Prior to this patch, calling functions on the inferior with arguments and
then using these arguments within a function resulted in an invalid
memory access. This is because Fortran arguments are typically passed as
pointers to values.

It is possible to call Fortran functions, but memory must be allocated in
the inferior, so a pointer can be passed to the function, and the
language must be set to C to enable C-style casting. This is cumbersome
and not a pleasant debug experience.

This patch implements the GNU Fortran argument passing conventions with
caveats. Firstly, it does not handle the VALUE attribute as there is
insufficient DWARF information to determine when this is the case.
Secondly, functions with optional parameters can only be called with all
parameters present. Both these cases are marked as KFAILS in the test.

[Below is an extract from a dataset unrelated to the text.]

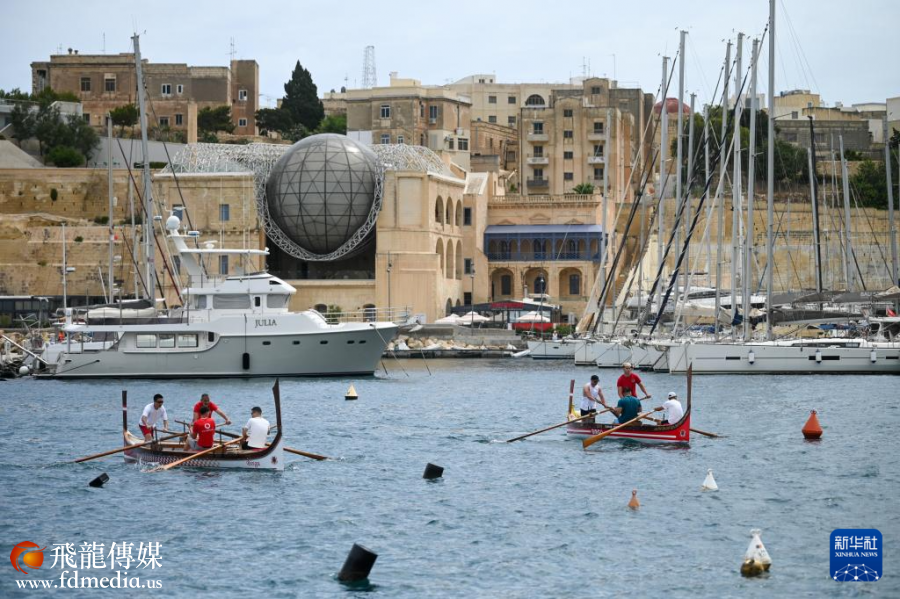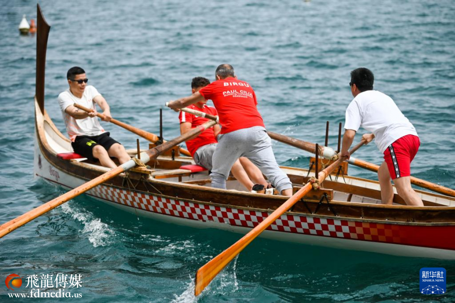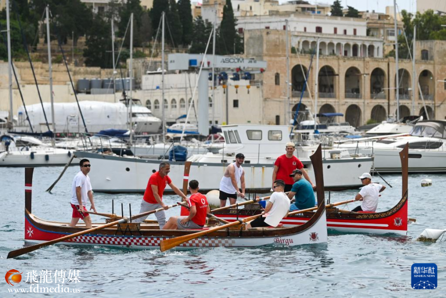 5月24日,人们在马耳他比尔古参加龙舟比赛。

Since the GNU Fortran argument passing convention has been implemented,
there is no guarantee that this patch will work correctly, in all cases,
with other compilers.

Despite these limitations, this patch improves the ease with which
functions can be called in many cases, without taking away the existing
approach of calling with the language set to C.

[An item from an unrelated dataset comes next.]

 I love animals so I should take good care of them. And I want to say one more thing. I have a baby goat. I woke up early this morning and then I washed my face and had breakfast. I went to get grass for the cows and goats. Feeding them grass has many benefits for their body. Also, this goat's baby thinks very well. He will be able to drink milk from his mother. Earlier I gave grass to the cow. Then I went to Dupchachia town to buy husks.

Regression tested on x86_64, aarch64 and POWER9 with GCC 7.3.0.
Regression tested with Ada on x86_64.
Regression tested with native-extended-gdbserver target board.

gdb/ChangeLog:
2018-10-27  Richard Bunt  <richard.bunt@arm.com>
	Dirk Schubert  <dirk.schubert@arm.com>
	Chris January  <chris.january@arm.com>

	* eval.c (evaluate_subexp_standard): Call Fortran argument
	wrapping logic.
	* f-lang.c (struct value): A value which can be passed into a
	Fortran function call.
	(fortran_argument_convert): Wrap Fortran arguments in a pointer
	where appropriate.
	(struct type): Value ready for a Fortran function call.
	(fortran_preserve_arg_pointer): Undo check_typedef, the pointer
	is needed.
	* f-lang.h (fortran_argument_convert): Declaration.
	(fortran_preserve_arg_pointer): Declaration.
	* infcall.c (value_arg_coerce): Call Fortran argument logic.

gdb/testsuite/ChangeLog:
2018-10-27  Richard Bunt  <richard.bunt@arm.com>

	* gdb.fortran/function-calls.exp: New file.
	* gdb.fortran/function-calls.f90: New test.
---
 gdb/eval.c                                   |  15 +-
 gdb/f-lang.c                                 |  38 +++++
 gdb/f-lang.h                                 |  33 ++++
 gdb/infcall.c                                |   7 +-
 gdb/testsuite/gdb.fortran/function-calls.exp | 103 ++++++++++++
 gdb/testsuite/gdb.fortran/function-calls.f90 | 242 +++++++++++++++++++++++++++
 6 files changed, 435 insertions(+), 3 deletions(-)
 create mode 100644 gdb/testsuite/gdb.fortran/function-calls.exp
 create mode 100644 gdb/testsuite/gdb.fortran/function-calls.f90

-- 
2.7.4
Tom Tromey - Feb. 13, 2019, 9:24 p.m.
>>>>> "Richard" == Richard Bunt <Richard.Bunt@arm.com> writes:

Richard> It is possible to call Fortran functions, but memory must be allocated in
Richard> the inferior, so a pointer can be passed to the function, and the
Richard> language must be set to C to enable C-style casting. This is cumbersome
Richard> and not a pleasant debug experience.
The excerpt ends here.